How do neurologists compare? In an earlier report by Cyber Dialogue, conducted in the summer of 2000, 21 percent of all neurologists claimed to have a PDA compared with 19 percent of physicians overall.

Neurologists are using PDAs to access reference sources, prescribe medications, communicate with colleagues, improve coding, capture charges for billing, and track patient information. Handheld devices are helping us keep up with the latest information in our field. By providing valuable tools at the point of care, they enhance medical decision-making and help us practice more efficiently.

For this article, neurologists spoke to Neurology Today about how they are using PDAs to streamline their practices. George Morris, MD, for example, an epileptologist at the Regional Epilepsy Program at St. Luke's Hospital in Milwaukee, is presently beta testing a PDA, which substitutes for the laptop he had previously used for programming vagus nerve stimulators (VNS).


Dr. Orly Avitzur

He calls the transformation “miraculous.” Settings on his handheld are selected to send information to a programming wand, which generates a radiofrequency signal to a device that applies intermittent signals to the left vagus nerve.

Dr. Morris says that, due to its compactness, “the handheld is an obviously excellent choice compared with the much heavier, more cumbersome laptop.” It also programs the VNS faster (has no moving parts and requires no boot-up), provides much longer battery life (eight hours continuous use), and has a very large storage capacity (32 megabytes). Unlike most physicians, who are initially drawn to a PDA for its non-medical uses, Dr. Morris began to use a handheld for scheduling and other routine features only after experiencing the appeal of this novel medical application.


Prescription writing is one of the most helpful applications transformed for digital tools. In fact, the follow-up report from the Institute of Medicine trial on medical errors, which was released last March, recommended a greater use of information technology; automated medication order entry systems that can reduce errors in prescribing and dosing drugs; and computerized reminders that can help both patients and clinicians identify needed services.
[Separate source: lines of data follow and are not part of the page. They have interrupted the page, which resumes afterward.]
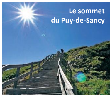
Le sommet du Puy-de-Sancy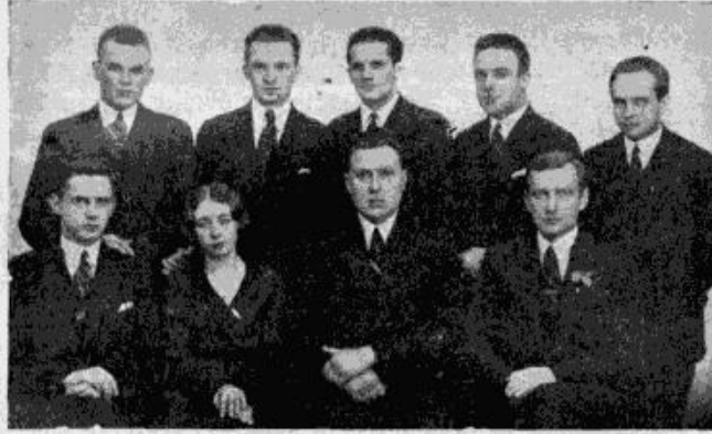
Nacionālo studentu bloks Studentu Padomē.

Kā pamatvajadzība, kas noteic arī studentu nama vispārējo planējumu ir atzīta izrikojumu zāle 1000 vai vēl vairāk personām. Ja lauku dzīvē, kā sabiedriskās dzīves materiālais priekšnoteikums, ir atzīstamas sapulcēšanās-telpas, tad mūsu metropolē vēl sevišķa liela zāle tikai stu-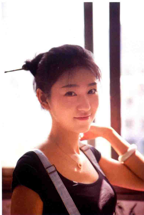
佳能 5D Mark II 光圈: F2.8 焦距: 70mm 快门: 1/250 感光度: 100 曝光补偿: EV 0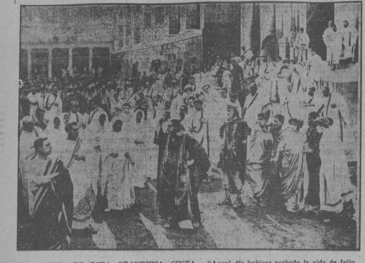
UNA ESCENA DE ESTA GRANDIOSA CINTA. "Aquel día hubiera acabado la vida de Julio César, si la Vestal Virgo Máxima no hubiera interpuesto su influencia con Sila."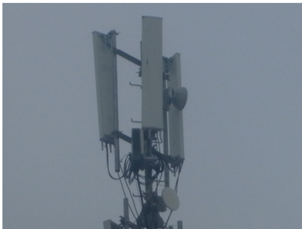
Мачта бывшего ночного клуба.

Мечты и образование с друзьями заставили некоторых друзей с героем отправиться в досуг в котором можно научиться сексу и понять чем любовь отличается от секса с алкоголем, можно подумать рассказывается история поездок в квартиры которые сдаются под апартаменты досуга, но любопытство героев уже нескольких набирает большой оборот, раньше не было встреч в клубах в которые приезжают любители сексуальных знакомств, а просто секс есть на улице и в квартире, в ночном клубе который закрывается при налете сотрудников неизвестной группы в масках и принимают решение о его закрытии в будущем. Все это говорит, что нужно закрывать клубы те которые нарушают нравственность и воспитание молодого поколения, лучше построить в место одного клуба здание судебных приставов и областную рядом прокуратуру, а другой клуб закрыть и построить пожарную часть рядом от МЧС, третий ночной клуб закрыть и сделать там рядом с гостиницей «Бристоль» вещевого рынок из клуба «Фламинго», а четвертый ликвидировать в Д.К.«Юбилейный» и открыть там ледовый каток вместо подвального салона стриптиза.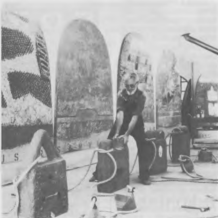
DA PAGINA 1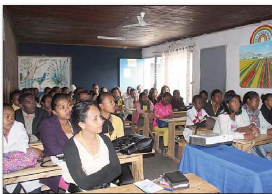
Ireo mpianatra sy mpanabe teny amin'ny Sekoly Ambony INSPNMAD

lalana sy Tenin'Andriamanitra izay manampy amin'ny fiatrehana ny olana eo amin'ny fiainana andavan'andro. Ankoatra ireo Sekoly ambony tsy miankina moa dia efa anisan'ny mpiara-miasa amin'ny FF ny Département Médecine Vétérinaire mampely ny asa Fitoriana eny anivon'ny Oniversite. ■

Shown here is a display of downloadable options and programs available on a PDA.

For Joel Vandersluis, MD, a neurologist who practices in Dayton, producing legible, error-free prescriptions has been a wonderful solution for his poor handwriting. He uses a handheld device to select medications and dosages and beams the information to his printer. Refills are done with a few simple clicks, saving him and his office staff time and effort.

David A. Stein, MD, a neurologist with a solo practice in San Diego, has also benefited from this new technology. He has been using an electronic program to write prescriptions for the past two years. He believes it is safer than the hand-written form due to improved legibility and ease in tracking patient medication records. The system used by Dr. Stein offers a comprehensive drug reference database and a drug-drug interaction tool, integrated to provide greater prescribing accuracy. It then sends signed prescriptions to the pharmacy through a secure Internet connection.


How else can these devices help neurologists improve medical practice? Neil A. Busis, MD, has been using a PDA for patient care in his neurological practice for the past year. Dr. Busis has formed a PDA users group at the University of Pittsburgh, which is developing handheld-friendly clinical guidelines that will be made available to medical staff and residents. He plans to conduct a clinical research study to determine if these guidelines are followed more often as a result of being present at the point of care on physicians' PDAs. If so, they will be able to demonstrate an application of handhelds that increases the quality of medical care.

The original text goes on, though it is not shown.